SAHA provides support for Ahmet Öğüt’s project Balanced Protest Banners at Dhaka Art Summit between 3 February and 11 February 2023 to be presented at the exhibition Very Small Feelings, co-produced by Samdani Art Foundation and the Kiran Nadar Museum of Art. Öğüt's project centers on a collective balance walk along young locals with multiple Bamboo stilts that have banners on top. These “walks” across the DAS venue for 9 days allude to how Bangladeshis in villages, as well as Indians in similar climactic contexts, address their rising water levels and find new ways to walk on unstable ground. In parallel to this, the show includes Jump Up!, an intervention where visitors look at historical collections in India and Bangladesh while jumping up on trampolines, reminding them of that childlike reach it takes to see something or to strive to understand.
“The word for flood, ‘Bonna,’ is also given as a common name for girls in Bangladesh. A flood in Bangladesh does not simply translate into the dominant idea of the word flood carrying a singular connotation of “disaster.” Rather, the DAS concept of Bonna challenges binaries - between necessity and excess, between regeneration and disaster, between adult and child, between male and female. DAS 2023 invokes and interprets Bonna as a complex symbol-system, which is indigenous, personal and at once universal, an embodied non-human reversal of how storms, cyclones, tsunamis, stars, and all environment crises and discoveries are named, allowing Bonna, the young girl, to speak from Bangladesh to the world; she asks why the words for weather are gendered, what the relationship between gender, the built environment, and climate change might be.“
Ahmet Öğüt (1981,Diyarbakır)is a sociocultural initiator, artist, and lecturer. Working across a variety of media, including photography, video, and installation, Öğüt often uses humor and small gestures to offer his commentary on rather serious or pressing social and political issues. Öğüt is regularly collaborating with people from outside of the art world to create shifts in the perception of the common.
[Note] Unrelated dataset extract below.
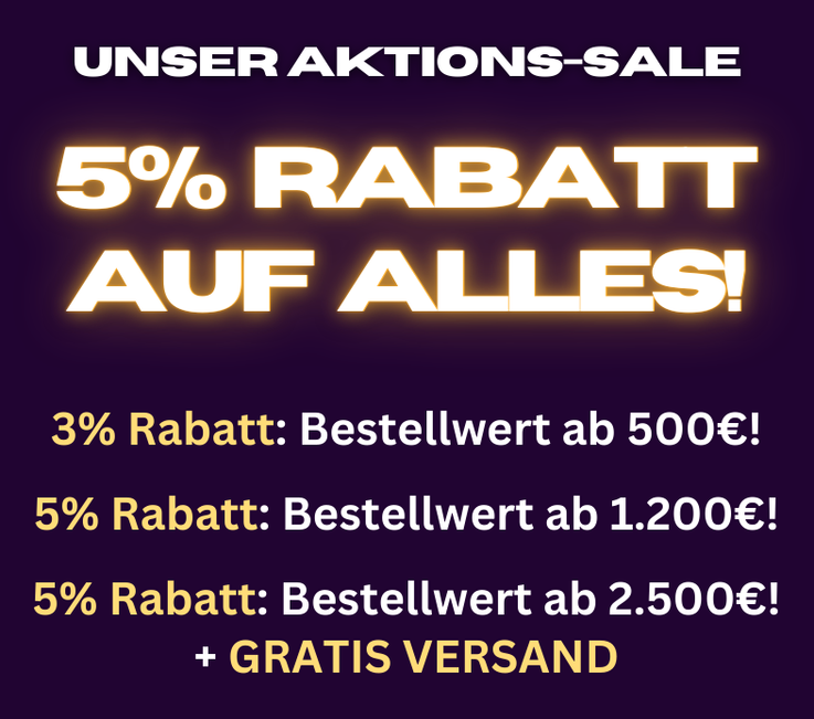 Mindestbestellwert: 400€ netto I GLS B2B pro Paket 6,99€ I Spedition: Ab 1.500€ netto Warenwert - 70€ I Ab 2.500€ netto Warenwert - Kostenloser Versand

He has exhibited widely, and taught at several schools around the world, among which are Institut für Kunst im Kontext at Universität der Künste Berlin; Jan van Eyck Academie, Maastricht; Sandberg Institute Amsterdam; Finnish Academy of Fine Arts, Helsinki; TransArts - Transdisziplinäre Kunst, Institut für Bildende und Mediale Kunst Universität für angewandte Kunst Wien; and DAI Arnhem. Öğüt was awarded the Visible Award for the Silent University in 2013, in addition to the special prize of the Future Generation Art Prize by Pinchuk Art Centre in 2012; the De Volkskrant Beeldende Kunst Prijs in 2011; and the Kunstpreis Europas Zukunft in 2010. Öğüt has co-represented Turkey at the 53rdVenice Biennale in 2009.
About The Dhaka Art Summit
The Dhaka Art Summit (DAS) is an international, non-commercial research and exhibition platform for art and architecture related to South Asia. With a core focus on Bangladesh, DAS re-examines how we think about these forms of art in both a regional and an international context. Founded in 2012 by the Samdani Art Foundation—which continues to produce the festival—in collaboration with the Ministry of Cultural Affairs, People’s Republic of Bangladesh, DAS is hosted every two years at the Bangladesh Shilpakala Academy.